[Problem to work on] Print only the lines below from the one with "As I am turning" to the one with "8-操纵机构;9-凸轮系统;10-离合器;11-制动装置;12-变速箱", both included, exactly as they stand. Leave pictures out.

[Available data]

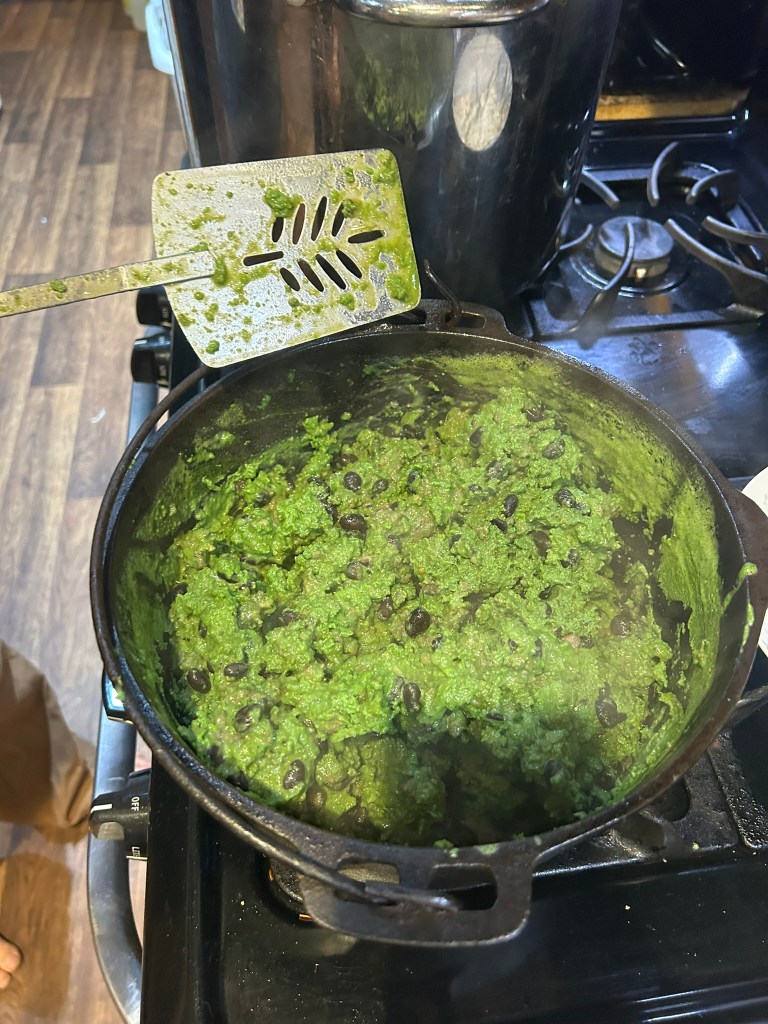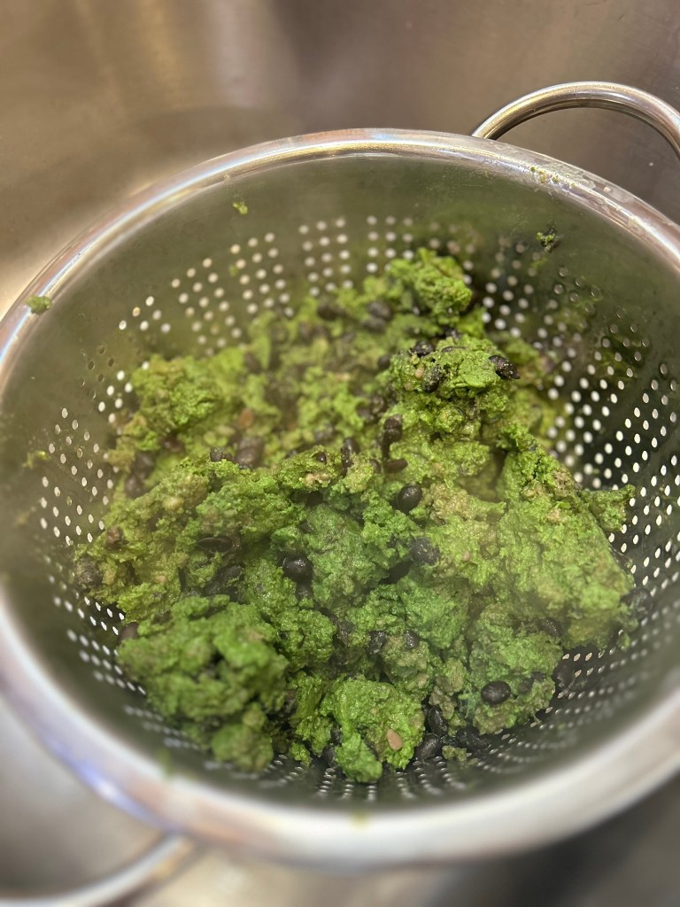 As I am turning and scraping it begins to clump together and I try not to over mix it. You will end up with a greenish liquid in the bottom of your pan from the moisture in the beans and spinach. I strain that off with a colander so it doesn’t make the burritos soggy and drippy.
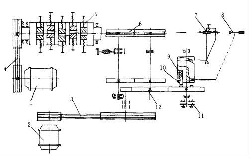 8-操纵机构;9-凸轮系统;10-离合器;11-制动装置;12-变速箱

* * *

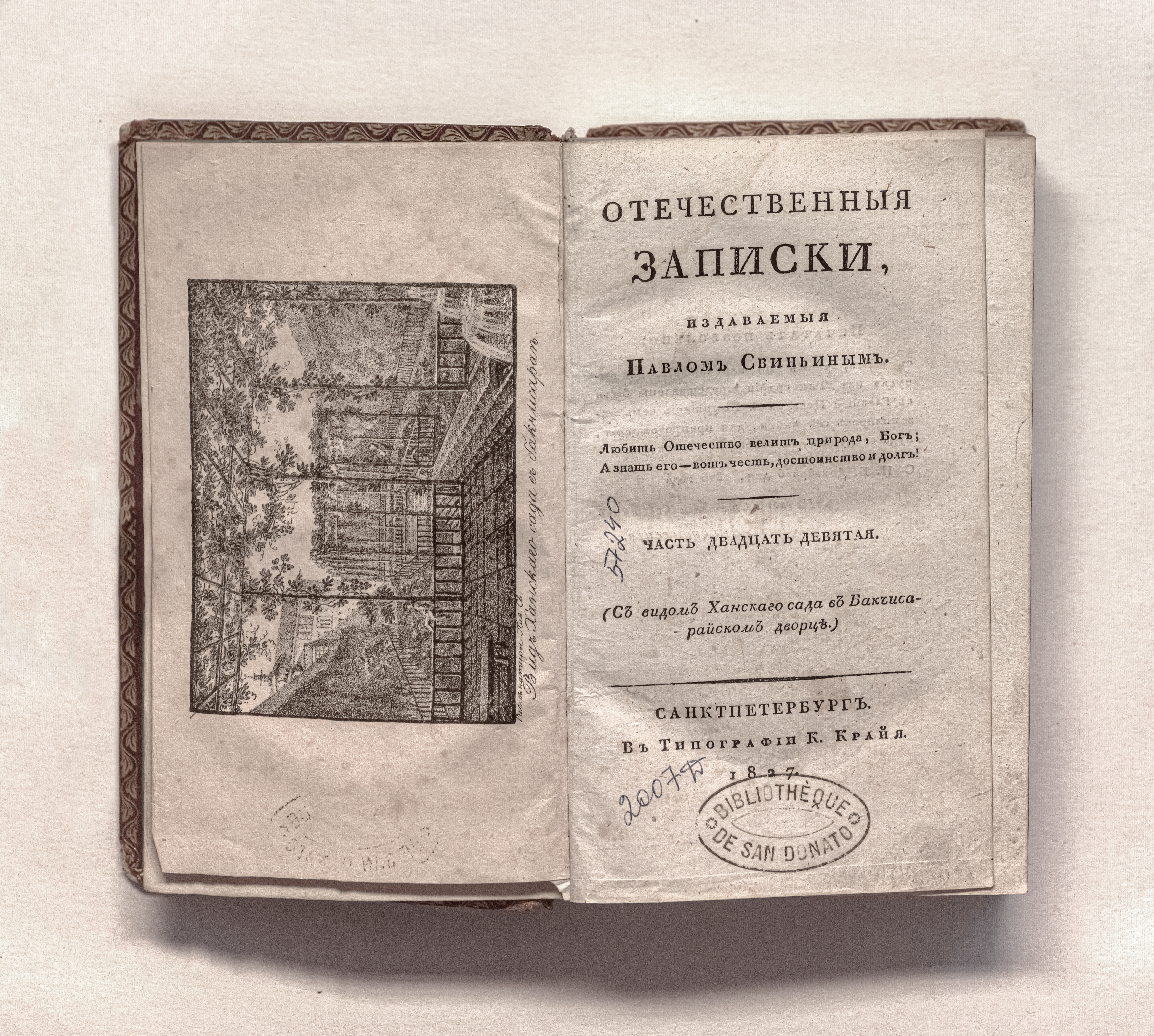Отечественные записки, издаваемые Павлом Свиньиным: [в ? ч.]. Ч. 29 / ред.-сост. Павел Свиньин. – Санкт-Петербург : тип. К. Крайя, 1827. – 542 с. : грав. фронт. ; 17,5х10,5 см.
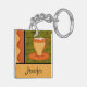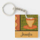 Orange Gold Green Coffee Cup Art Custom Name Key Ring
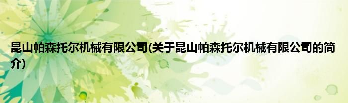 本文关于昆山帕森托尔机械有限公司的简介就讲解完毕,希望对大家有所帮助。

==

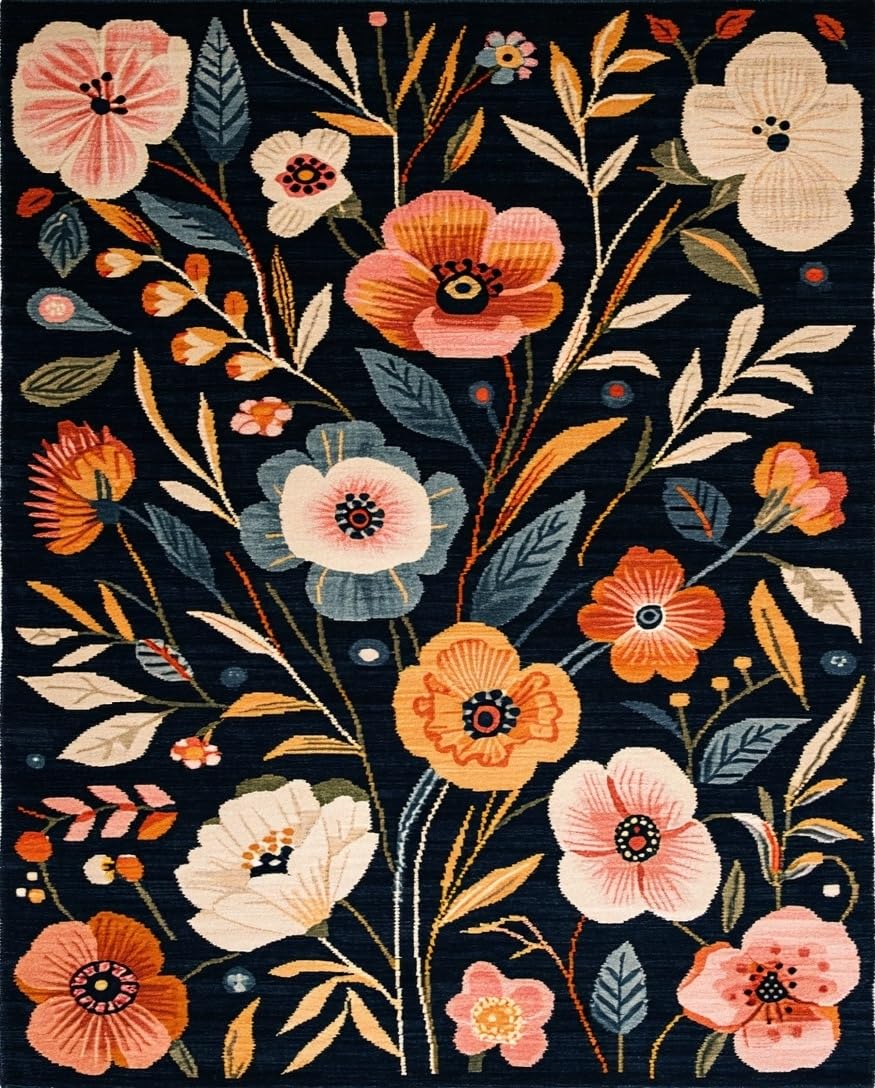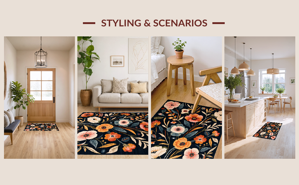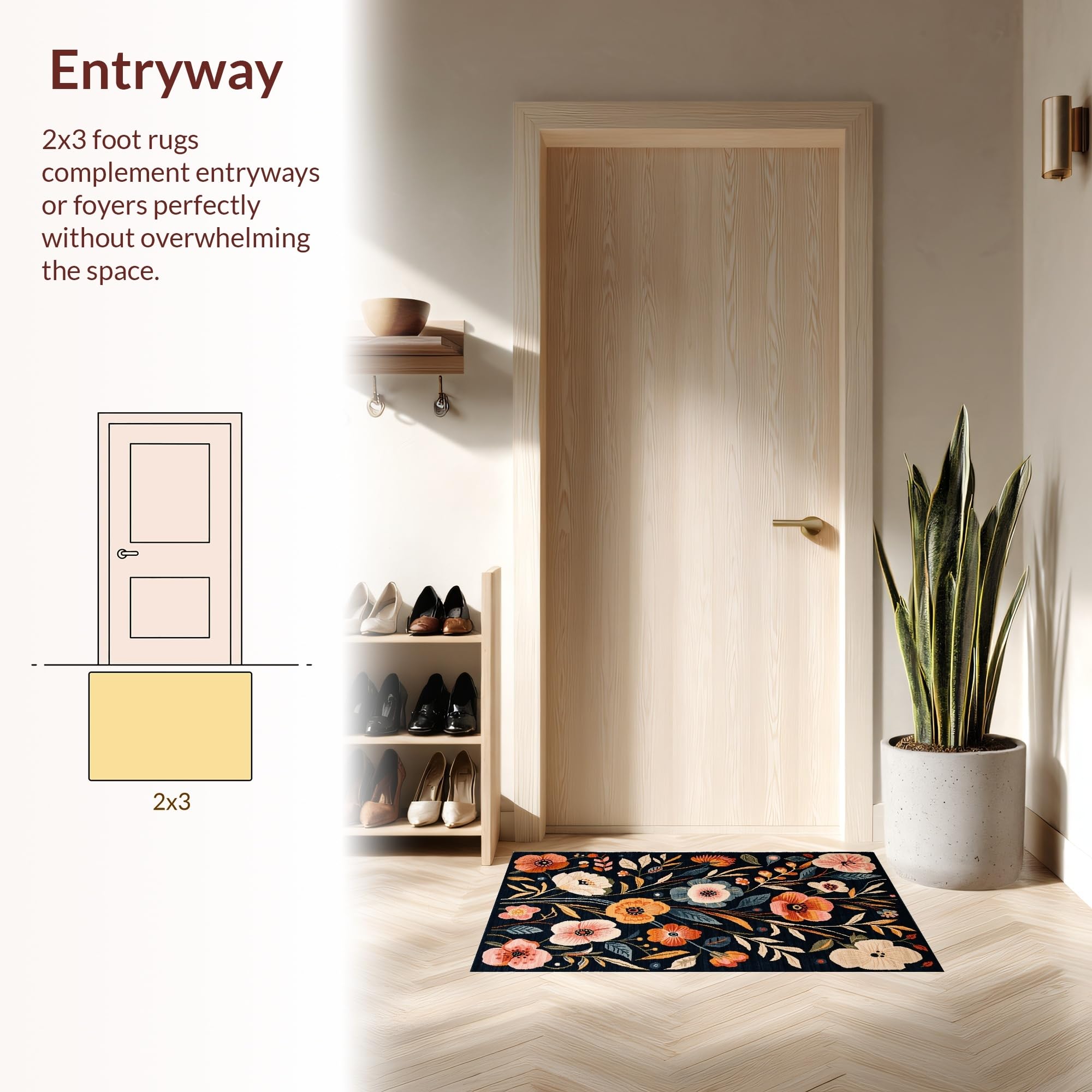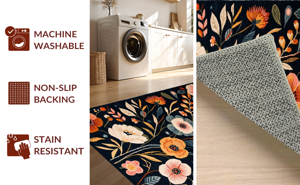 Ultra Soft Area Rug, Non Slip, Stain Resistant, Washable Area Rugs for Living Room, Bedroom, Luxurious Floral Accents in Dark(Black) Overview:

[Response area]
 As I am turning and scraping it begins to clump together and I try not to over mix it. You will end up with a greenish liquid in the bottom of your pan from the moisture in the beans and spinach. I strain that off with a colander so it doesn’t make the burritos soggy and drippy.
 8-操纵机构;9-凸轮系统;10-离合器;11-制动装置;12-变速箱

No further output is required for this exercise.